--- Exercise data ---
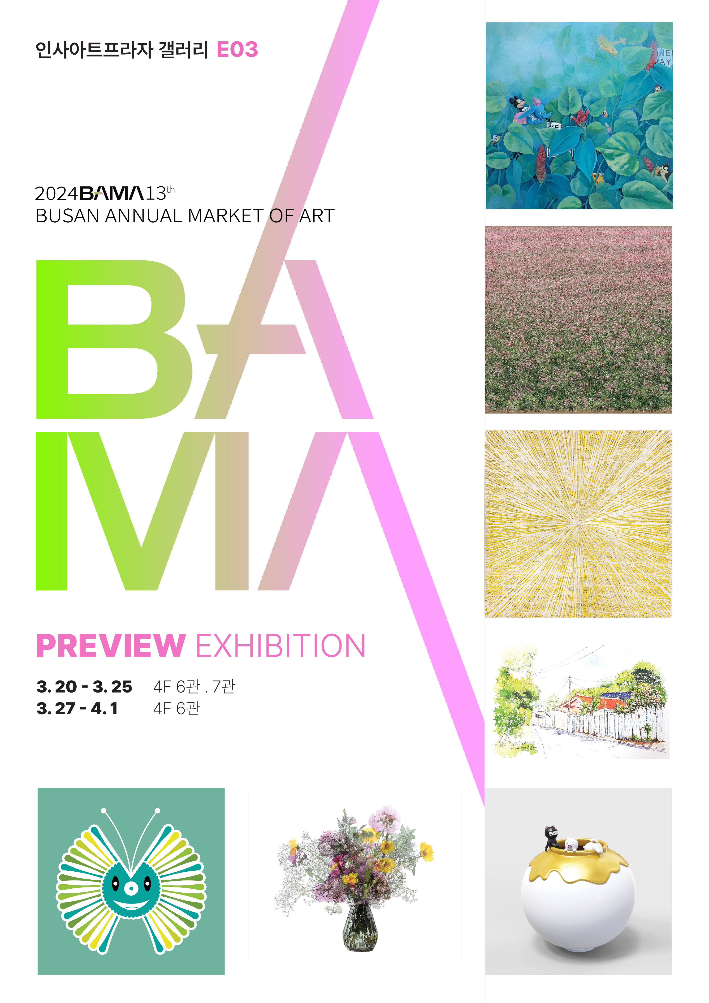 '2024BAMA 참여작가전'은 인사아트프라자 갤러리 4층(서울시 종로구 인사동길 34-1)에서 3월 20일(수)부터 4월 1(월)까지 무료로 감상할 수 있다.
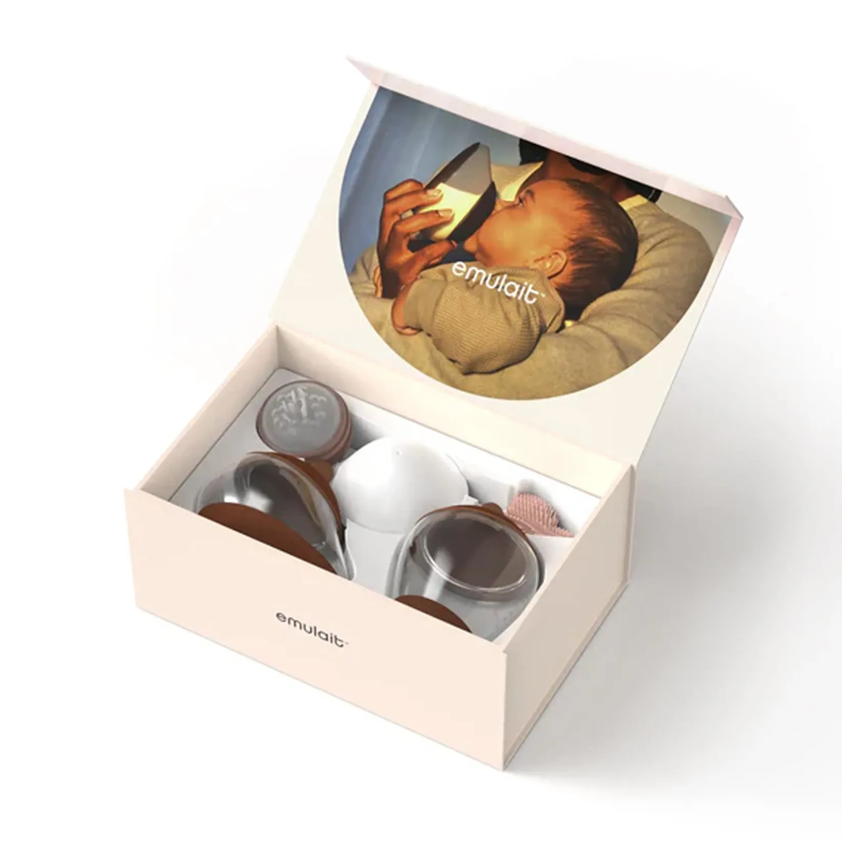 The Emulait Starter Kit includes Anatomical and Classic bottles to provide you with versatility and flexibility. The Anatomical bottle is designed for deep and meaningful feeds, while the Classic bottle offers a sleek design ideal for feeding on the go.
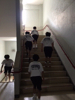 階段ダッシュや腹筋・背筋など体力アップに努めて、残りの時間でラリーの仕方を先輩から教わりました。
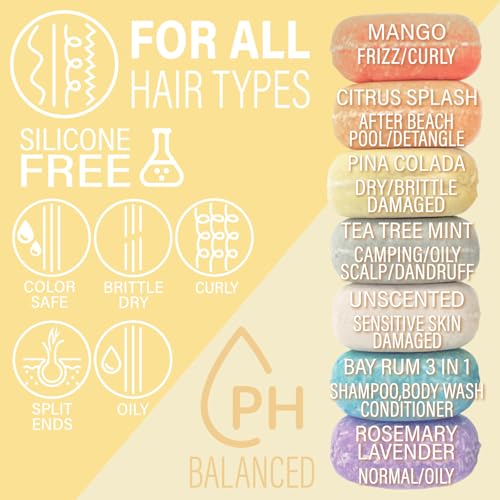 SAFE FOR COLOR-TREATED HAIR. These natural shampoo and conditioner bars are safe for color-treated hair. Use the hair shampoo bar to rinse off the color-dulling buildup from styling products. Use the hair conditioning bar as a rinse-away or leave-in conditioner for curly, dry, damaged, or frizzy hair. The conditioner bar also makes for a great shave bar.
---
## Exercise instructions
Take the line that contains "階段ダッシュや腹筋・背筋など" and all lines after it to the end of the material above, and copy them verbatim without any images.

## Written response
 階段ダッシュや腹筋・背筋など体力アップに努めて、残りの時間でラリーの仕方を先輩から教わりました。
 SAFE FOR COLOR-TREATED HAIR. These natural shampoo and conditioner bars are safe for color-treated hair. Use the hair shampoo bar to rinse off the color-dulling buildup from styling products. Use the hair conditioning bar as a rinse-away or leave-in conditioner for curly, dry, damaged, or frizzy hair. The conditioner bar also makes for a great shave bar.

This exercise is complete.